MoMaGen: Generating Demonstrations under Soft and Hard Constraints for Multi-Step Bimanual Mobile Manipulation

Chengshu Li,Mengdi Xu,Arpit Bahety,Hang Yin,Yunfan Jiang,Huang Huang,Josiah Wong,Sujay Garlanka,Cem Gokmen,Ruohan Zhang,Weiyu Liu,Jiajun Wu,Roberto Martín-Martín,Li Fei-Fei

from arxiv, Project website: momagen.github.io. The first four authors contribute equally. Accpeted to International Conference on Learning Representations (ICLR 2026)
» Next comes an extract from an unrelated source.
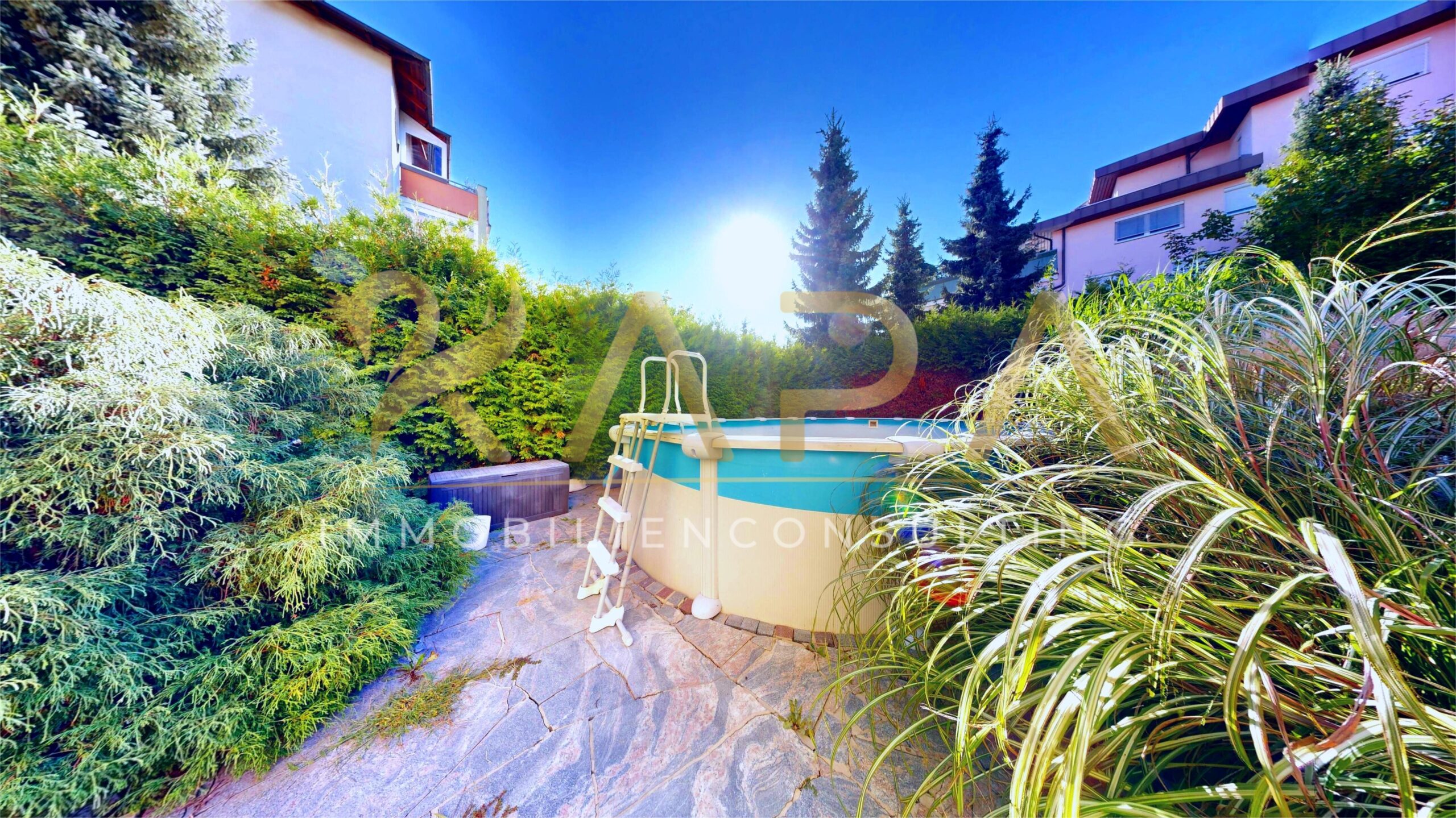 Der große Garten lässt nicht nur Kinderherzen höherschlagen – auch Hobbygärtner und Genießer kommen hier voll auf ihre Kosten. Der im Kaufpreis enthaltene Aufstellpool sorgt für Abkühlung an heißen Sommertagen, während der einladende Gartenbereich wie geschaffen ist für gesellige Feste und entspannte Stunden im Freien.

Imitation learning from large-scale, diverse human demonstrations has been shown to be effective for training robots, but collecting such data is costly and time-consuming. This challenge intensifies for multi-step bimanual mobile manipulation, where humans must teleoperate both the mobile base and two high-DoF arms. Prior X-Gen works have developed automated data generation frameworks for static (bimanual) manipulation tasks, augmenting a few human demos in simulation with novel scene configurations to synthesize large-scale datasets. However, prior works fall short for bimanual mobile manipulation tasks for two major reasons: 1) a mobile base introduces the problem of how to place the robot base to enable downstream manipulation (reachability) and 2) an active camera introduces the problem of how to position the camera to generate data for a visuomotor policy (visibility). To address these challenges, MoMaGen formulates data generation as a constrained optimization problem that satisfies hard constraints (e.g., reachability) while balancing soft constraints (e.g., visibility while navigation). This formulation generalizes across most existing automated data generation approaches and offers a principled foundation for developing future methods. We evaluate on four multi-step bimanual mobile manipulation tasks and find that MoMaGen enables the generation of much more diverse datasets than previous methods. As a result of the dataset diversity, we also show that the data generated by MoMaGen can be used to train successful imitation learning policies using a single source demo. Furthermore, the trained policy can be fine-tuned with a very small amount of real-world data (40 demos) to be succesfully deployed on real robotic hardware. More details are on our project page: momagen.github.io.

翻译：从大规模、多样化的人类演示中进行模仿学习已被证明对机器人训练有效，但采集此类数据成本高昂且耗时。这一挑战在多步骤双手机器人移动操作中尤为突出，因为操作者需要同时远程控制移动底盘和两个高自由度机械臂。先前的X-Gen工作已为静态（双手）操作任务开发了自动化数据生成框架，通过在仿真中利用少量人类演示样本，结合新颖的场景配置来合成大规模数据集。然而，先前方法在双手机器人移动操作任务中存在两大不足：1）移动底盘的引入带来了如何放置机器人基座以实现后续操作（可达性）的问题；2）主动相机的引入产生了如何定位相机以生成视觉运动策略数据（可见性）的问题。为解决这些挑战，MoMaGen将数据生成构建为一个约束优化问题，在满足硬约束（如可达性）的同时平衡软约束（如导航过程中的可见性）。该框架概括了现有大多数自动化数据生成方法，并为未来方法的开发提供了理论基础。我们在四个多步骤双手机器人移动操作任务上进行了评估，发现MoMaGen能够生成比先前方法更多样化的数据集。得益于数据集的多样性，我们还证明使用MoMaGen生成的数据仅需单个源演示即可训练出成功的模仿学习策略。此外，训练后的策略仅需极少量真实世界数据（40个演示）进行微调，即可成功部署在真实机器人硬件上。更多细节请访问项目页面：momagen.github.io。